Update: June 26, 2020: PG&E announced June 26 that it has priced the public offering of 423,372,629 shares of its common stock at $9.50 per share and 14,545,455 of its equity units at $100 per unit "for total net proceeds to the Corporation, before estimated offering expenses, of approximately $3.968 billion and approximately $1.186 billion, respectively." PG&E said the offerings are expected to close on July 1, subject to certain conditions, the same date it expects to emerge from Chapter 11.
- Pacific Gas & Electric (PG&E) parent company PG&E Corp. has launched public offerings of its common stock and equity units, seeking $4 billion and around $1.23 billion of gross proceeds, respectively, to partially fund its exit from bankruptcy, the company announced Monday
- The announcement comes two days after Bankruptcy Judge Dennis Montali confirmed PG&E’s Chapter 11 reorganization plan, allowing the utility to access California’s $21 billion wildfire insurance fund. PG&E expects to emerge from bankruptcy on July 1.
- Exiting bankruptcy will put PG&E on the financial footing to operate soundly, Catherine Sandoval, associate professor at the Santa Clara University School of Law and former California Public Utilities Commission (CPUC) commissioner, told Utility Dive — but the company is still exposed to the risks of catastrophic wildfires, which will need to be tackled by its new leadership.
Confirming PG&E’s plan is a step towards paying out victims of the Northern California wildfires and the utility’s other creditors, Montali wrote in a memorandum decision issued last week. Leaving tens of thousands of victims without any options instead “is not an acceptable alternative,” he said.
“This has been a very comprehensive and complex challenge for everyone, but we all set out to try to get the plan in place, and hopefully it is on the way now,” Montali said at a hearing Friday. He issued an order officially confirming the plan on Saturday.
The ruling “sets the course for PG&E’s future,” outgoing PG&E Corp. President and CEO Bill Johnson said in a statement.
“All 23,000 PG&E employees are committed to making sure our equipment never again causes another catastrophe,” he added.
The company is expecting savings of around $250 million annually due to its reorganization, it said in a June 21 press release. These savings will be incorporated into customer bills later this year.
PG&E’s path out of bankruptcy included multiple commitments to state regulators and California Gov. Gavin Newsom, D, which the utility said in a statement will “position PG&E for long-term success.” These include allowing for increased regulatory oversight, recruiting a chief risk officer and chief safety officer who will report directly to the company’s new CEO, and promising not to recover from its customers payments that were made to the victims of the Northern California fires as part of its reorganization plan.
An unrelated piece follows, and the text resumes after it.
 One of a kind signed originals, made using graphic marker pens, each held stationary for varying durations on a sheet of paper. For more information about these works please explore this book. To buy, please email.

The utility also said it has brought on board 11 new board members with “substantial expertise in diverse areas critical to the company’s work.”
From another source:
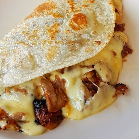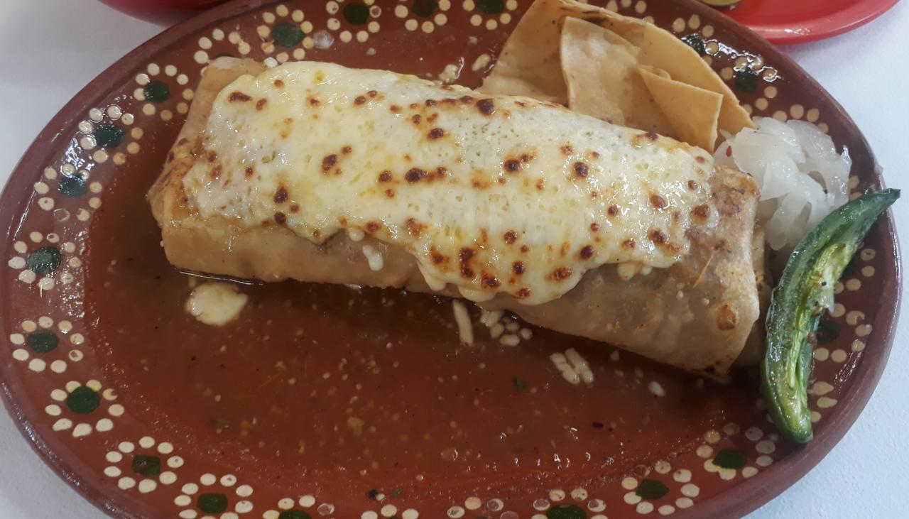 Relleno de bistec, carne al pastor y frijolitos, con queso gratindo acompañdo de salsa de tomate especial.

It’s common for companies to formally exit bankruptcy around 30 days or less after a reorganization plan is confirmed, Sherilyn Olsen, partner at Holland & Hart, told Utility Dive, and use the time to meet various terms outlined in the plan, like raising financing.
“Sometimes in these complicated types of cases, [the terms] are tied to specific conditions similar to closing on a complicated real estate deal,” like having certain documents, people and money in place before the plan is deemed effective, she said.
Parties can appeal Montali’s decision within 14 days of his order, she added, but given that every class of impaired creditors save for one voted in favor of PG&E’s plan, “I think the likelihood of [the plan] becoming effective is probably pretty high.”
PG&E's plan received support from more than 85% of Northern California fire victims who cast votes, but a few remain concerned about its feasibility, in part due to the risk of another catastrophic wildfire.
These included 2017 Tubbs Fire survivor William Abrams, who said at a hearing in early June that the plan’s primary goal “is to ensure that entrenched investors can cash out and exit the stock…”. Montali, however, overruled those objections, pointing to the victims’ “overwhelming acceptance” of the plan.
PG&E is rolling out multiple measures to reduce the risk of wildfires in its service territory, including putting up stronger poles, transferring portions of the grid underground, implementing an "enhanced" vegetation management program as well as deploying weather stations and high-definition cameras. But the company is still exposed to wildfire risk, according to Sandoval.
“It’s looking to be a very challenging wildfire season,” and an issue she’s concerned with is that PG&E doesn’t have adequate records of its infrastructure, like the transmission line responsible for the 2018 Camp Fire, which the utility acquired in the 1930s, Sandoval said.
“[N]either the bankruptcy exit plan nor the wildfire safety plan cured those fundamental problems,” she said.